His brothers call Him crazy. Sadducees posture with pentateuchal pride. But the
final assault begins with thirty pieces of silver, and He is sold away as a
slave.
Once
arrested, Jesus is bound, accused, blindfolded, mocked, tried, stripped, and
then beaten into a bloody pulp. His enemies surround Him on every side.
Blood-soaked
and spiked to a tree for six hours, His lungs scream for air. After a loud cry
He bows His head and dies. It appears as if the enemies have won.
But
it was all part of God’s greater plan for providing for our escape.
Jesus
enters Jerusalem as a humble King so that we might enter the New Jerusalem as
heirs of the King.
Jesus
drinks every drop of the cup of God’s wrath so that we might drink deeply from
the cup of God’s salvation.
Jesus
is executed with criminals on either side of Him so that we might be surrounded
on every side by our fellow saints.
Jesus
enters the grave so that we might exit the grave.
Jesus
descends into hell so that He can tell the Pharaoh of Hades, “Let my people go!”
The
Israelites were trapped between the Red Sea and the Egyptian army. Moses lifted
his arms and the waters parted. The enemy chased headlong thinking they had
won. At daybreak the next morning, Moses stretched out his hand and the waters
drowned their captors in the depths of the sea.
We
were trapped between the sin that is inside of us, the devil and his demons
that are all around us, and death that is waiting for us. Jesus lifted His arms
and spread them wide upon the cross. Our enemies rushed headlong thinking they
had won. At daybreak three days later, Jesus walked out of the grave. He
stretched out His hands and our captors were drowned in the blood that flowed
from His riven side. They were crushed under His pierced foot. They were buried
under the weight of His resurrection grave.
Jesus
entered the Jewish city of Jerusalem so that He might save people from every
nation, tribe, people, and language. He has brought about our exodus from this
world. An exodus from the grave. And an exodus from hell.
Jesus’
entrance into Jerusalem on Palm Sunday through His exit of the grave on Easter
Sunday – the week that we call Holy Week – is the salvation story of both the
Old and New Testaments.
It is continual proof to countless
generations that the Lord has kept His promises to peoples from every land,
culture and skin color. God has brought His chosen elect from all over the
world into the Promised Land of heaven.
There
is an exodus for Israelites, Cushites, Philistines, and Arameans. There is an
exodus for you; there is an exodus for me; there is an exodus for all! It is
through the parting waters of the baptismal font. It is through the Lord’s
Supper that replaced the Passover Meal. It is through the Lord’s thunderous
voice in His holy Word.
Jesus’
entrance at the beginning of this Holy Week also provides another exodus that
is yet to come. This will be a final exodus. There will be a Rider on a white
horse. He will seize the beast, the false prophet and the dragon, that ancient
serpent who is the devil and Satan, and hurl them all into the lake of fire.
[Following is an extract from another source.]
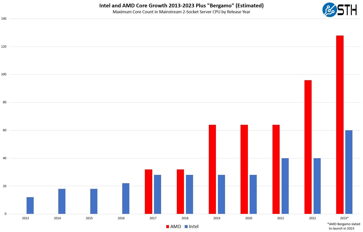 Intel And AMD Core Count Growth For Mainstream Servers 2013 2023
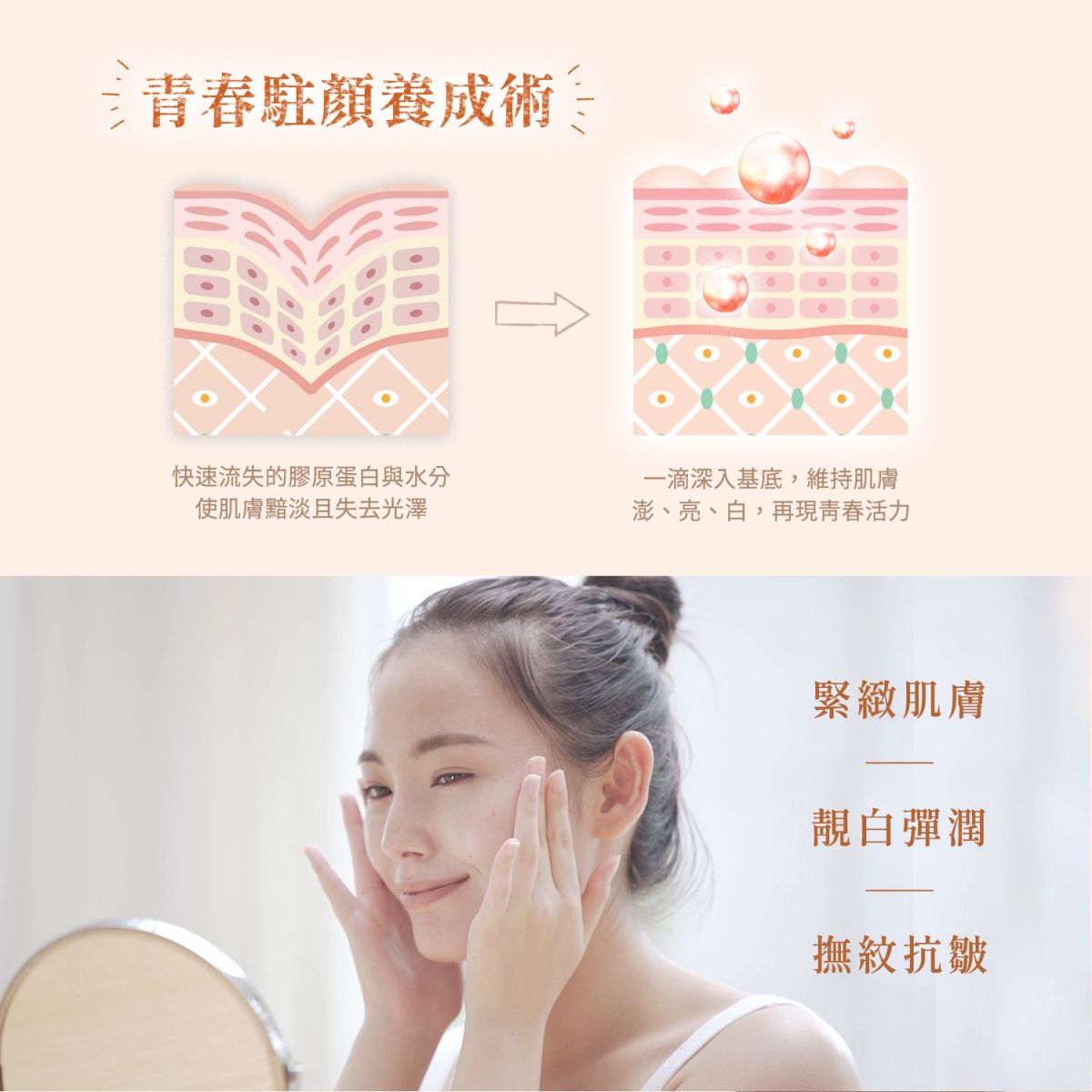 3大功效 : 緊緻肌膚、靚白彈潤、撫紋抗皺

And they will sink to the depths like a stone (Revelation 19–20). Then, forever
free from all slavery, Eden will be restored. Now and forever, we join in
singing the song of salvation.
And
so there is great rejoicing. We join our voices with the saints, the martyrs,
the angels, the children, the rescued and redeemed from all nations. Jesus
enters Jerusalem to win our exodus. It is an exodus for all. Amen.